The effect of each of twelve mammalian
lignan derivatives on the growth of human mammary
tumor ZR-75-1 cells was examined. At a concentration less than 10 micrograms/ml,
tumor cell growth was inhibited from 18-68%. The effect of 2,3-dibenzylbutane-1,4-diol(hattalin) was found to be strongest, inhibiting growth by 50% at a concentration (EC50) of 2.1 micrograms/ml.
Hattalin inhibited membrane Na+, K(+)-
ATPase of canine kidney cortex. It also inhibited the
ATPase of the plasma membrane fraction from both cultured cells and a section of human
breast cancer tissue at a concentration ranging from 0.5 to 2.0 mM. However, only a few percent of membrane
ATPase from either ZR-75-1 cells or
breast carcinoma tissue was inhibited by 2.0 mM of
ouabain, suggesting that the target
ATPase of
hattalin was other than
ouabain-sensitive
ATPase. The relative incorporation of [3H]

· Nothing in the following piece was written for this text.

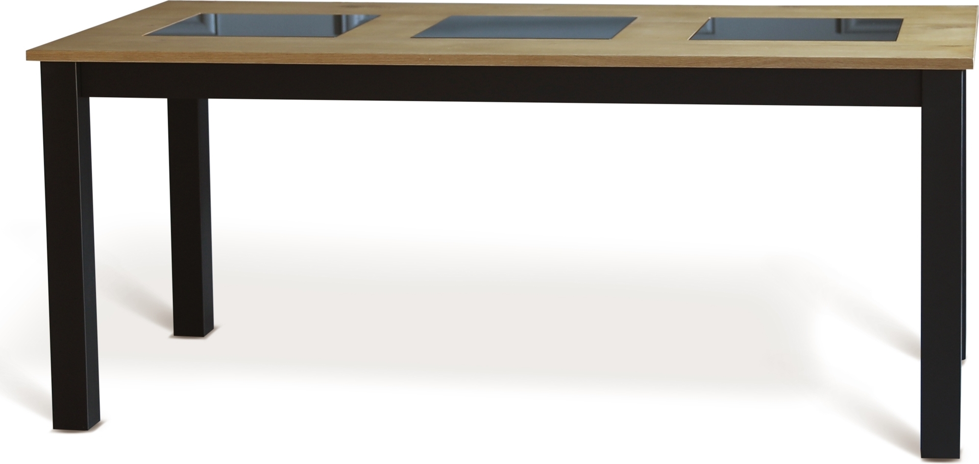 Matgrupp med matbord och 6 st stolar ur serien Texas och Granit. Matbordet är gjort ek och fanèrad ek med svarta glasplattor. Stolarna är gjorda av metall med klädsel av konstläder(PU).

thymidine per 1 x 10(5) cells into the
acid-precipitable fraction of ZR-75-1 cells was not affected by 1-50 micrograms/ml of
hattalin, while a marked decrease resulted from 1-10 micrograms/ml of
5-fluorouracil (5-FU). These results suggest that the suppressive effect of
hattalin on
tumor cell growth may not occur through inhibition of
DNA synthesis but rather partly by inhibition of the plasma membrane
ATPase other than Na+ and K(+)-dependent ones.